Bloemendaal v. Town & Country Sports, Inc

659 N.W.2d 684, 255 Mich. App. 207
CourtMichigan Court of Appeals
DecidedApril 18, 2003
DocketDocket 234200
StatusPublished
Cited by37 cases

This text of 659 N.W.2d 684 (Bloemendaal v. Town & Country Sports, Inc) is published on Counsel Stack Legal Research, covering Michigan Court of Appeals primary law. Counsel Stack provides free access to over 12 million legal documents including statutes, case law, regulations, and constitutions.

Bluebook
Bloemendaal v. Town & Country Sports, Inc, 659 N.W.2d 684, 255 Mich. App. 207 (Mich. Ct. App. 2003).

Opinion

Per Curiam.

Plaintiffs appeal as of right the trial court order granting defendants’ motion for summary disposition in this products liability action. We affirm.

On July 9, 1997, plaintiff Nancy Bloemendaal picked up her newly purchased Honda Rebel motorcycle from defendant Town & Country Sports Center, Inc. After driving less than one mile from the dealership, she lost control of and crashed the motorcycle. Immediately after the accident, plaintiffs had the motorcycle impounded and retained several experts to disassemble and inspect it. This inspection allegedly revealed damage to the ball bearings and races located in the steering system. The components were then sent to a metallurgical expert, who allegedly *209 opined that the bearing adjusting nut had been undertorqued. Defendants were not present at the inspections or disassembly.

Plaintiffs thereafter filed suit against defendant Town & Country for failing to properly assemble and inspect the motorcycle. Plaintiffs subsequently amended their complaint to include claims against the defendants American Honda Motor Co, Inc., and Honda Motor Co, Ltd., for failure to properly design and manufacture the motorcycle, as well as breach of warranty claims. The Honda defendants conducted a demonstrative riding with an exemplar motorcycle containing the steering components from the accident motorcycle. It is alleged that this exemplar motorcycle was operated without difficulty for twenty-five miles while being driven through curves that duplicated the radius of the curve where the accident occurred.

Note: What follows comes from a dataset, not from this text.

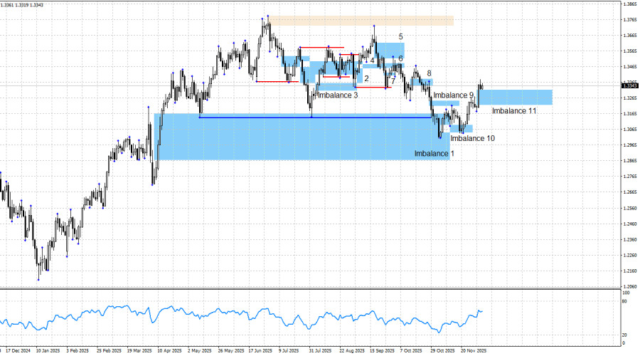 Графическая картина сейчас следующая. «Бычий» тренд может быть завершен, но «бычий» тренд по европейцу – совершенно точно не завершен. Таким образом, европейская валюта может вытянуть фунт «с того света». Быки оттолкнулись от «бычьего» имбаланса 1, от «бычьего» имбаланса 10, что придало им в конечном счете сил и уверенности в своих действиях и своей правоте. Вчера был образован еще один «бычий» имбаланс – 10, от которого цена может получить реакцию уже сегодня. Вероятно, заход в этот имбаланс будет более глубоким и понадобится несколько дней, чтобы зайти и выйти из него. Но отработка может быть также и очень краткой, быстрой. В любом случае, начиная с текущего момента, «бычий» сигнал может быть образован в любой момент.

The Honda defendants filed a motion for summary disposition pursuant to MCR 2.116(C)(10), which defendant Town & Country adopted. Defendants argued that summary disposition was appropriate because plaintiffs intentionally or negligently destroyed crucial physical evidence by disassembling the motorcycle without testing the torque that had been applied to the bearing adjusting nut. 1 According to defendants, the testing of the torque would have been determinative of this case and because of the spoliation of the evidence, dismissal was warranted. In the alternative, defendants argued that plaintiffs’ experts were unqualified to render opinions in this *210 matter and that plaintiffs could not establish proximate cause.

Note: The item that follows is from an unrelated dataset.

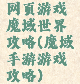 网页游戏魔域世界攻略(魔域手游游戏攻略)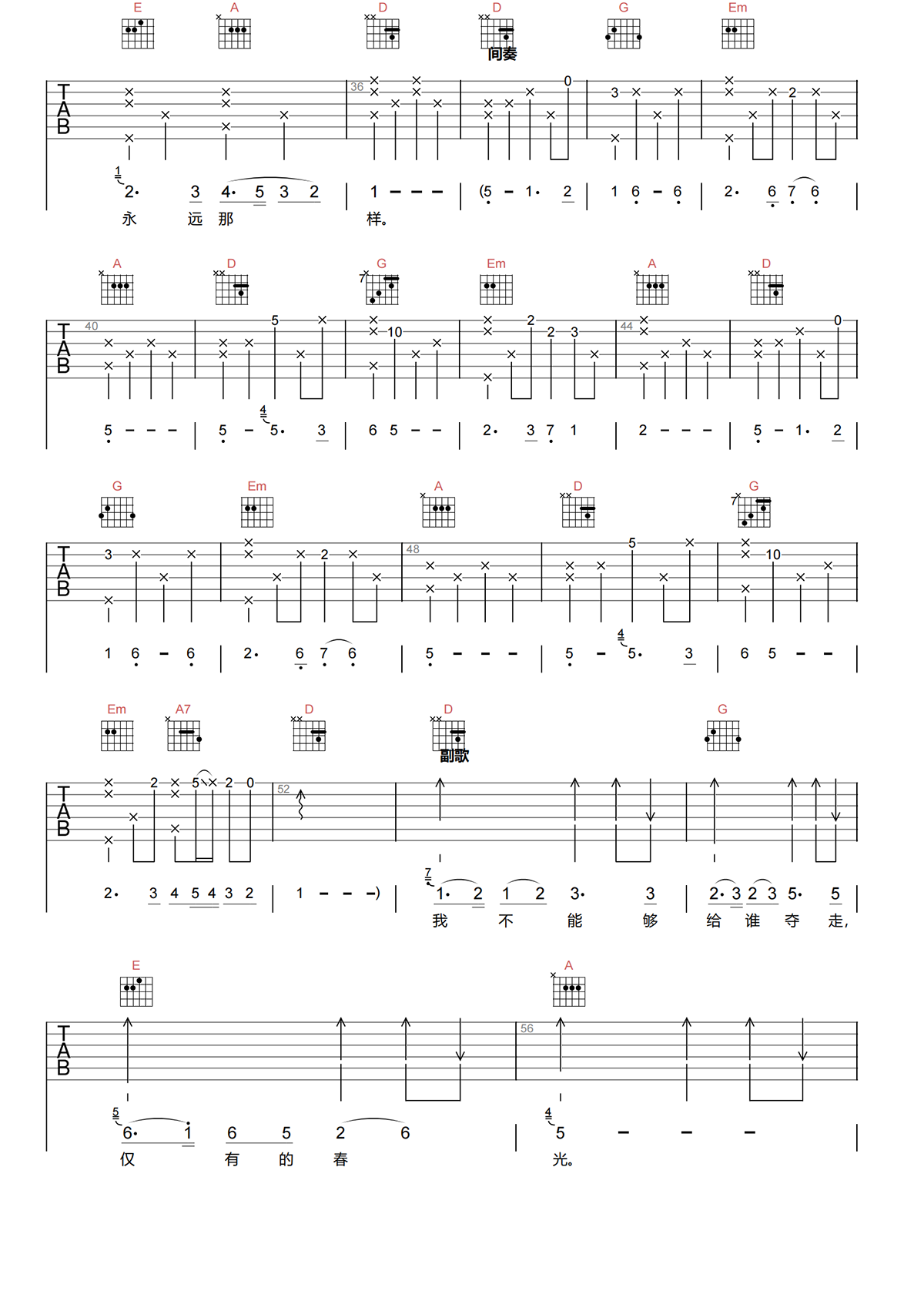 周璇《永远的微笑吉他谱》D调原版弹唱谱

Plaintiffs argued that there was no spoliation of evidence because none of the evidence was lost or destroyed. Plaintiffs argued that defendants were not prejudiced by the failure to use a torque wrench because defendants had the opportunity to inspect the parts and conduct a test with an exemplar motorcycle. Further, plaintiffs contended that the disassembly had been photographed and videotaped so defendants had the opportunity to view the disassembly. According to plaintiffs, the mere use of a torque wrench in taking off the nut would not have given the same indication of the amount of torque that had been applied to it; therefore, the use of a torque wrench would not have provided conclusive evidence of the torque that had been applied to the nut. Plaintiffs also argued that their expert witnesses were qualified to testify and that their testimony established proximate cause.

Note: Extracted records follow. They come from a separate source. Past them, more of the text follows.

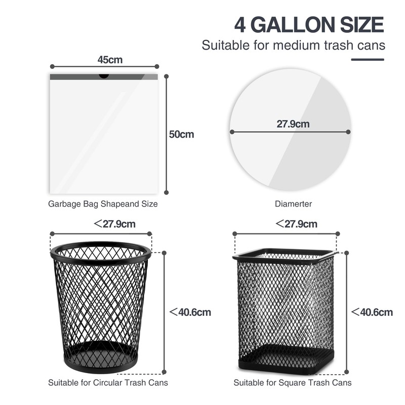 - Perfect fit – The size of Charmount small plastic 4 Gallon garbage bags is 17.7’’W x 19.7’’H(45x50cm).These drawstring bags are suitable for 1.2, 2, 2.6, 3, 4, 5 gallon (10-15L) capacity trash can.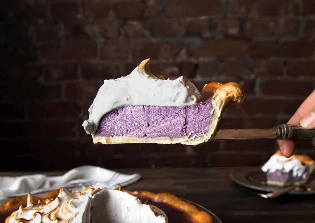 This pretty pie features a lightly-spiced purple sweet potato custard, buttery pie crust and a fluffy, toasted Swiss meringue topping! It’s a gorgeous dessert to adorn your holiday tables!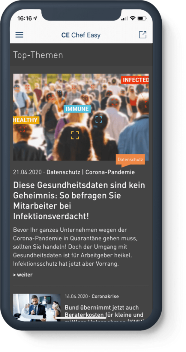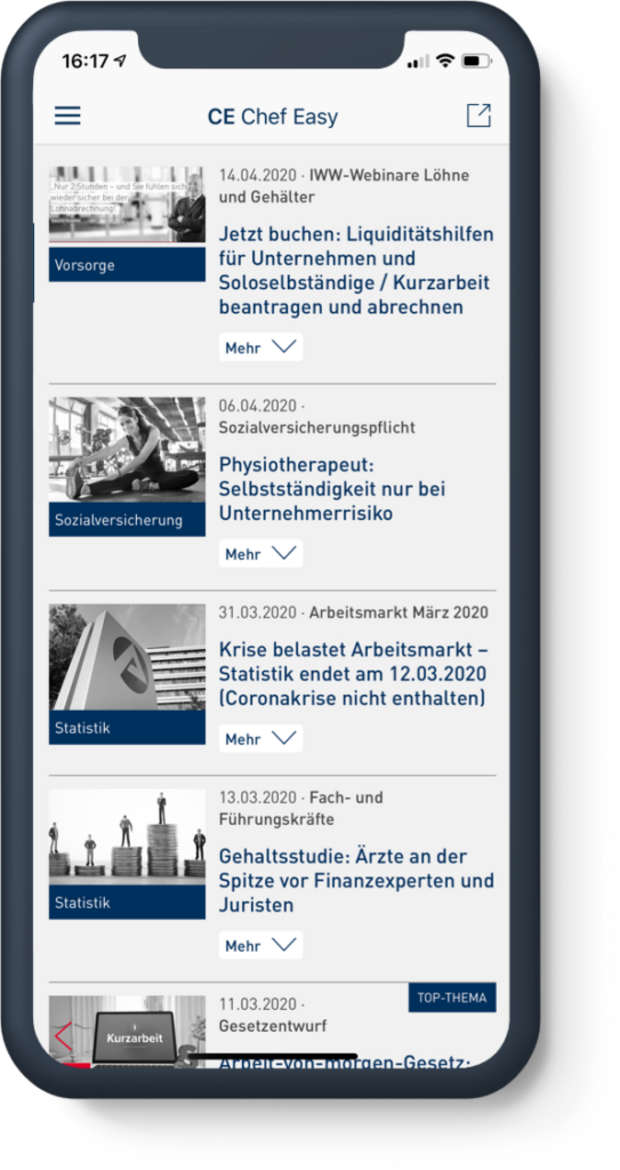 Die „CE Chef easy“ App bringt alle Informationen von der Website aufs Smartphone oder Tablet und bietet zugleich mobile Zusatzfunktionen wie Push-Notifications und eine native Navigation mit Offline Modus. Praxishilfen wie Checklisten, Musterformulierungen und Verträge aus dem Arbeitsrecht können direkt aus der App geladen werden. So hat der Nutzer alle relevanten Informationen auch unterwegs zur Hand.

At the hearing on the motion for summary disposition, the trial court found that the entire case revolved around the question whether the bearing adjusting nut had been undertorqued. The court granted summary disposition on the basis that plaintiffs’ experts failed to torque or measure the bearings, did not index the bearings, and lost one bearing. The court concluded that had plaintiffs’ experts measured the torque, it “probably would’ve decided this once and for all,” or it could have been major evidence for defendants. Specifically, the court stated:

Now, I’m sure that plaintiff [sic] didn’t do this deliberately, but plaintiff is the one that selected the expert. And his autopsy was done ineptly, by people who were unquali *211 fied to do it. They weren’t experienced in motorcycles. It was anything hut scientific. It was anything but following accepted standards.
I look at possible remedies. Not permitting plaintiffs’ experts to testify that it was too loose or too tight isn’t going to solve the problem at all. An instruction isn’t going to solve the problem. I think that the defendants are fatally prejudiced by this. Much more than putting them at an unfair advantage. Much, much more than that. I think that the — and I’ve been thinking about this, quite frankly, for weeks. The motion is granted.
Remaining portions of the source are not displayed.